Jimmy loved to suck cock, however. He even got fifty cents each time he did it and as many cocks as he sucked in a day, he made enough spending money that he had more than most kids. Behind his back the guys in school ridiculed him, but when they were in the bathroom at break, they were lined up to get off. None of those kids realized that they were just as “queer” as Jimmy was. As a matter of fact, Jimmy married this nice looking model type fresh out of high school and I heard that his wife had already had a kid. Most of the guys that paid him money to suck them, will end up “dyed in the wool” homosexuals, because of their desire to have a guy suck them.
Jack looked hurt a little and I knew I had to soften the bruise to his ego. “You know Jack, it wasn’t that bad. There was little taste and it was very warm. The excitement was overwhelming and when he came, the taste of the cum wasn’t bad at all. If you want to experience it, I will be glad to do it with you, since I recently did it myself for the first time, you know. I think you’re a nice looking kid and it looks like you have a healthy package.”
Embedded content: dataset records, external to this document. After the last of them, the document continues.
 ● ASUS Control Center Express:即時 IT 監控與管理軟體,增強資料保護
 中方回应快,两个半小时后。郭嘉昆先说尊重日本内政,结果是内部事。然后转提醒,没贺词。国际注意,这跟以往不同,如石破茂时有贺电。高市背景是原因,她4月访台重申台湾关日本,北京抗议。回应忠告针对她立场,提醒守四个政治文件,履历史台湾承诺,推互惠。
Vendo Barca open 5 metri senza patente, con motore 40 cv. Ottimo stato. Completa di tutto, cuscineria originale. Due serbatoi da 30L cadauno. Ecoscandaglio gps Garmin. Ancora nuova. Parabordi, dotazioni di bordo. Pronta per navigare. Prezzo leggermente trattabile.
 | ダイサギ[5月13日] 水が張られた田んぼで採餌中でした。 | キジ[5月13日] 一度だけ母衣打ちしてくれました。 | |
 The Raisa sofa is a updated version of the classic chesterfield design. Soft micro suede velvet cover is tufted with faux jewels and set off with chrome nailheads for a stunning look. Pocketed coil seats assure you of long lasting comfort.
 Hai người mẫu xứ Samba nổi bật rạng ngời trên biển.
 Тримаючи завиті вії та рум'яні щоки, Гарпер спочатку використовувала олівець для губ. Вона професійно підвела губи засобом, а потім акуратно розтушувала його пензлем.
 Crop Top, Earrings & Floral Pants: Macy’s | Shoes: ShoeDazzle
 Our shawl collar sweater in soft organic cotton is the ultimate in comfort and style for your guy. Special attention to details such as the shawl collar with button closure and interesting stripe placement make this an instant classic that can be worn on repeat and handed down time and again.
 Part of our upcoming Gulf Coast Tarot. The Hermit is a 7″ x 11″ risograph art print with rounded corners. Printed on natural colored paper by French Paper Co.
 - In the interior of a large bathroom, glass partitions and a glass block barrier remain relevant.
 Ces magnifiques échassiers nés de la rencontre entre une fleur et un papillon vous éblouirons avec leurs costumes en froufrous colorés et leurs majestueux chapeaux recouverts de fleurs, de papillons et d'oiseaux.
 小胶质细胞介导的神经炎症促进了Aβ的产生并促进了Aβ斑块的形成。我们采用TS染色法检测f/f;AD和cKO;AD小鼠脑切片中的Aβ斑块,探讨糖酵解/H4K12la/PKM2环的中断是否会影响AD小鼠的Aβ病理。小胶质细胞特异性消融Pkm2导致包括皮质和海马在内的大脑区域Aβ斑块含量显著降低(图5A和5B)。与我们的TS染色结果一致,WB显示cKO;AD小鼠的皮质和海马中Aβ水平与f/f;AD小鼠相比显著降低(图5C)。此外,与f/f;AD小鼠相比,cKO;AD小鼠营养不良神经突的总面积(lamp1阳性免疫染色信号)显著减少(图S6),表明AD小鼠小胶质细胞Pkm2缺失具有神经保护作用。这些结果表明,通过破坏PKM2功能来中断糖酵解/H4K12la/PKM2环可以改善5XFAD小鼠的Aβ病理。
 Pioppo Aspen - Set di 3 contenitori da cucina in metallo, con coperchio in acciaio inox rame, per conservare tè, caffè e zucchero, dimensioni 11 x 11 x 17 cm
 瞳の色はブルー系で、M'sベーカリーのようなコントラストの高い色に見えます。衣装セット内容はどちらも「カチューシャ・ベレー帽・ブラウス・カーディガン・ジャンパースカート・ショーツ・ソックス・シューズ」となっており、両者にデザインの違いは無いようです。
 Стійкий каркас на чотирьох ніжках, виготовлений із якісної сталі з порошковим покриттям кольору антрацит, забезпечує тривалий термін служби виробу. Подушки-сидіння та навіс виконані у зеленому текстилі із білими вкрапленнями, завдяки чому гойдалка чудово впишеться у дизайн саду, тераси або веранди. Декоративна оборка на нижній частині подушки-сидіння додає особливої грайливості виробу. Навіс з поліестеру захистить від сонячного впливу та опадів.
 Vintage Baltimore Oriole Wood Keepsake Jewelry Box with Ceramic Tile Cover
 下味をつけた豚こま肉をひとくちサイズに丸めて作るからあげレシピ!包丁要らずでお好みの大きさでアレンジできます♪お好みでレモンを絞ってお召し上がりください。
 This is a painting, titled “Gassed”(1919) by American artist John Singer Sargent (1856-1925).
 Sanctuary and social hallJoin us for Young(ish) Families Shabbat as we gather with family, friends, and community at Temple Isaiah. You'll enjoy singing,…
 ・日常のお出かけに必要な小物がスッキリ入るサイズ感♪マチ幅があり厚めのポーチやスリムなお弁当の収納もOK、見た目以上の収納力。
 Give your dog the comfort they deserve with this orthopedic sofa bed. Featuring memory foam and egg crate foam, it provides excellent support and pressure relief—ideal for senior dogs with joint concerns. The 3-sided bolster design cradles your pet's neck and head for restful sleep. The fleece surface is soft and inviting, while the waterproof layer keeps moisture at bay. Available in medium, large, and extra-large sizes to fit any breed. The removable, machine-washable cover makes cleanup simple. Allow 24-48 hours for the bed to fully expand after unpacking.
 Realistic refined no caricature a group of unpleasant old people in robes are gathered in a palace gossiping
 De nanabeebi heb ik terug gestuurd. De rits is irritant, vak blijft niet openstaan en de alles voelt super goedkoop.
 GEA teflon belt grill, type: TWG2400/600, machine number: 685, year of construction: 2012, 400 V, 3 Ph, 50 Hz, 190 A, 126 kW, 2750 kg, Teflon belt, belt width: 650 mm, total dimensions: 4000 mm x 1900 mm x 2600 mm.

“You’re not gonna tell anyone, are you?” he questioned.
“Why the hell would I do that? That would be spreading stuff about my private life and could get me thrown out of the army,” I countered.
“Oh, yeah,” he said resignedly. Jack really was a nice guy and I considered letting him off the hook, but I didn’t know if the sergeant would make my life miserable if I didn’t follow through. I decided, however, that if the sergeant gave me an order, I was going to make sure I followed it to the tee.
“You and I are about the same height. This should be rather fun. You don’t have a lot of body hair and neither do I. I have checked you out in the shower, before you ask. It will almost be like making love to a woman,” I said, giggling under my breath a little.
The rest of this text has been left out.